Tax conflicts arise in Brazil’s sports betting passage

Brazil’s government faces growing demands to explain why it will apply the highest operating tax charge to its pending federal sports betting marketplace

The demand for an explanation comes as Congress begins its 120-day review of ‘provisional measure No-1182’ signed by President Lula da Silva on 25 July.

Entering a critical juncture for the passage of Brazil’s long-mooted sports betting regime, Congress has received over 240 amendments to President Lula’s legislative demand.

The amendments indexed on Congress’ website, propose changes on a broad spectrum of issues, ranging from restrictions on advertising, introduction of a blackout period for offshore operators, to the broader regulation of casino-style games.

However, the government’s support to impose an 18% GGR tax charge on betting activities has been deemed as a key point of conflict by stakeholders and opposition.

As noted by critics, when combined with existing local government and social security taxes, the desired 18% GGR tax would amount to a real tax rate closer to 30%. Conflicts in the tax structure are a point of contention, echoed in numerous proposed amendments put forward to Congress.

Newly formed trade body the Brazilian Institute of Responsible Gaming (IBJR) has challenged the government explanation that it applied “a tax framework similar to England”.

 IBJR President, Andre Gelfi, stands by the trade body’s assessment that the tax rate imposed by the government could be “at least 350% higher than the UK’s System, considering additional tax obligations.”

The regime’s high licensing costs were detailed as a further financial burden, as Gelfi noted that the “Brazil fee will be six million reais, contrary to one million applied in England. These numbers make the Brazilian license one of the most expensive in the world,”

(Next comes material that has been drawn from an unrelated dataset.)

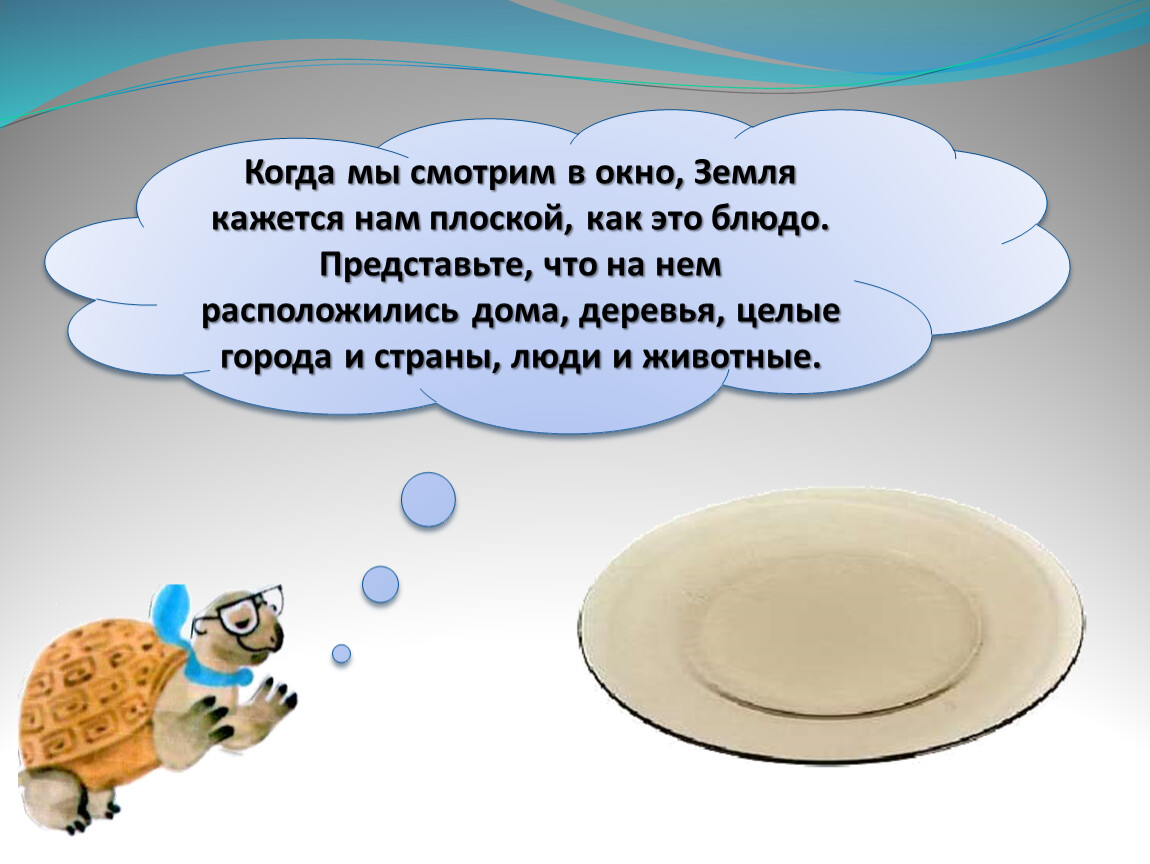 Когда мы смотрим в окно, Земля кажется нам плоской, как это блюдо. Представьте, что на нем расположились дома, деревья, целые города и страны, люди и животные.

“Making a fair comparison, while the UK charges 15 percent of the GGR, Brazil sets the tax between 45 and 73 percent, depending on the volume of the operation,” he added.

IBJR has demanded that the government explain its tax and licence fee calculations and how they were applied to the launch of a new market that will be unattractive to foreign and domestic businesses.

Deputy Congressman Newton Cardoso, an advocate for “gambling expansion to fund public services”, was amongst policymakers contesting the government’s tax proposal as detrimental to the foundation of an effective marketplace.

Cardoso has submitted a draft amendment aiming to reduce sports betting’s headline tax rate from 18% to 11%. The proposal argues that the current tax rate “greatly surpasses the UK’s 15% rate” – a figure the Brazilian government had initially outlined “as a comparable benchmark” when it began drafting legislation. 

The Ministry of Finance has been criticized for its inflexible approach to settling a viable tax framework for Brazilian sports betting – as tax conflicts had frustrated the progress of previous attempts to launch a federal regime.

As stands, Congress has 120 days from July 25 to review the provisional measure. If amendments are adopted by the joint Senate and Chamber committee, President Lula can either accept or reject them. Alternatively, Congress may let the provisional measure expire without approval.

Further measures could see the Chamber of Deputies also pass sports betting legislation through a separate bill.